Saturday, July 14, 2018

190 Countries Agree on Global Migration Pact to Ease Human Migration?

More than 190 countries have agreed on a global compact to promote safe and orderly migration and reduce human smuggling and trafficking, culminating lengthy negotiations on the often contentious issue that were boycotted by the US.

UN Secretary-General Antonio Guterres, General Assembly President Miroslav Lajcak and many other supporters hailed the first global document to tackle the migration issue.

Mexican Ambassador Juan Gomez Camacho, co-facilitator of the negotiations, called it "a historic day" after decades of efforts.

The Global Compact for Safety, Orderly and Regular Migration is not legally binding and is to be formally adopted at a ministerial meeting in Marrakesh, Morocco, in December.
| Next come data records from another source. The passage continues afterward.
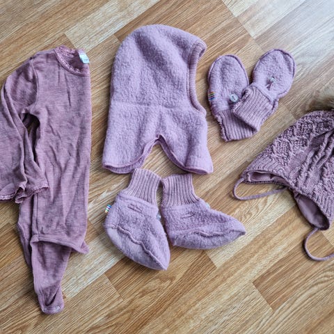 Klespakke i ull med to bukser fra Reflex, en body fra Reflex og en body fra Hummel.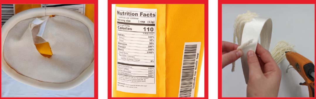 3. Measure a strip of the U-shaped foam to be the same width as the felt. Hot glue the top of the felt to the inside of the U. It will form the round top of your soup cup.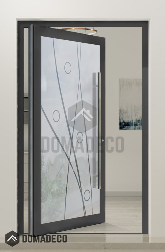PIVOT Glass S22 - aluminium frosted pivot door with with transparent motif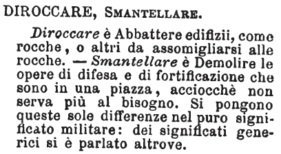 | Diroccare, Smantellare - Diroccare è Abbattere edifizii, come rocche, o altri da assomigliarsi alle rocche. - Smantellare è Demolire le opere di difesa e di fortificazione che sono in una piazza, acciocchè non serva più al bisogno. Si pongono queste sole differenze nel puro significato militare: dei significati generici si è parlato altrove. [immagine] |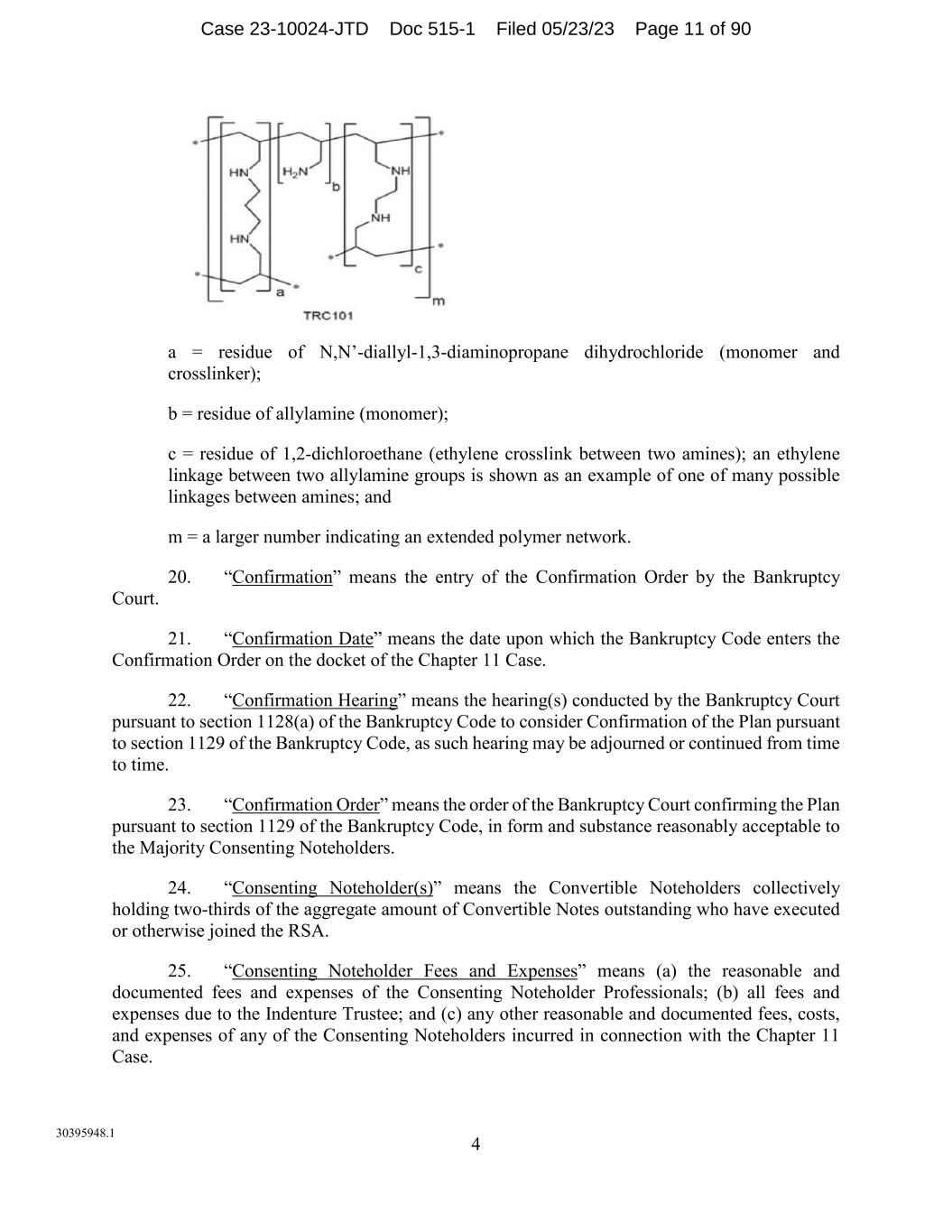 430395948.1 a = N,N’-二烯丙基-1,3-二氨基丙烷二盐酸盐的残留物(单体和交联物);b =烯丙胺的残留物(单体);c = 1,2-二氯乙烷的残留物(两个胺之间的乙烯交联物);两个烯丙胺基团之间的乙烯连接是胺之间许多可能的连接之一的例子;m =一个较大的数字,表示一个扩展的聚合物网络。20.“确认”指的是破产法院发出的确认令。21.“确认日”是指《破产法》将确认令列入第11章案件案卷的日期。22.“确认聆讯”指破产法庭根据《破产法》第1128(a)条进行的聆讯,以考虑根据《破产法》第1129条确认计划,因为该聆讯可能会不时延期或继续。23.“确认令”是指破产法院根据《破产法》第1129条确认该计划的命令,其形式和内容均为多数同意票据持有人合理接受的。24.“同意票据持有人”是指合计持有已执行或以其他方式加入RSA的未偿可转换票据总额三分之二的可转换票据持有人。25.“同意票据持有人费用和开支”是指(a)同意票据持有人专业人员的合理和有文件记载的费用和开支;(b)应支付给契约受托人的所有费用和开支;(c)任何同意票据持有人因第11章案件而产生的任何其他合理和有文件记载的费用、开支和开支。判例23-10024-JTD Doc 515-1提交05/23/23第11页,共90页

But Hungary's foreign minister, Peter Szijjarto, told diplomats after the agreement was adopted by consensus that his government disagrees with key points and will discuss "the possibility of disassociation" from the compact at a meeting on Wednesday.
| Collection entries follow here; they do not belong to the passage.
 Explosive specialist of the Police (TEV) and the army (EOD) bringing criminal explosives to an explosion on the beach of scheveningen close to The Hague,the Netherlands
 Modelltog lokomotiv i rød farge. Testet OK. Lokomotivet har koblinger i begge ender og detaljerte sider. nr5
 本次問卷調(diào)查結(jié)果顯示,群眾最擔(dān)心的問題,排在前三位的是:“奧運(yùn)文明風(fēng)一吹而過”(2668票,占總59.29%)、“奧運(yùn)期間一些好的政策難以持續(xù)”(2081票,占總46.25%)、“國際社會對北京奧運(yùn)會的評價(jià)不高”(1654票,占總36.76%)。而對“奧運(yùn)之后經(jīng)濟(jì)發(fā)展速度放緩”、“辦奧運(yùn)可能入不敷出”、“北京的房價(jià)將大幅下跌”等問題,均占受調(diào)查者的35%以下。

In September 2016, all 193 UN member states, including the US under President Barack Obama, adopted a declaration saying no country can manage international migration on its own and agreeing to launch a process leading to the adoption of a global compact in 2018.

But last December, the US said it was ending its participation in negotiations on the compact.

A statement from the US Mission to the United Nations said numerous provisions of the declaration were "inconsistent with U.S. immigration and refugee policies" under President Donald Trump.

Louise Arbour, the UN special representative for global migration, said the compact is a framework "to eliminate unsafe, disorderly migration" and an agreement among nations to cooperate. She said most countries agree that well-managed migration produces good results.

The major hurdle was addressing "illegal migration" because many countries just want migrants to go home, she said.

According to a UN estimate, there are 250 million migrants around the world. And a McKinsey study cited by Guterres said that "they make up 3 per cent of global population but contribute 10 per cent of global gross domestic product."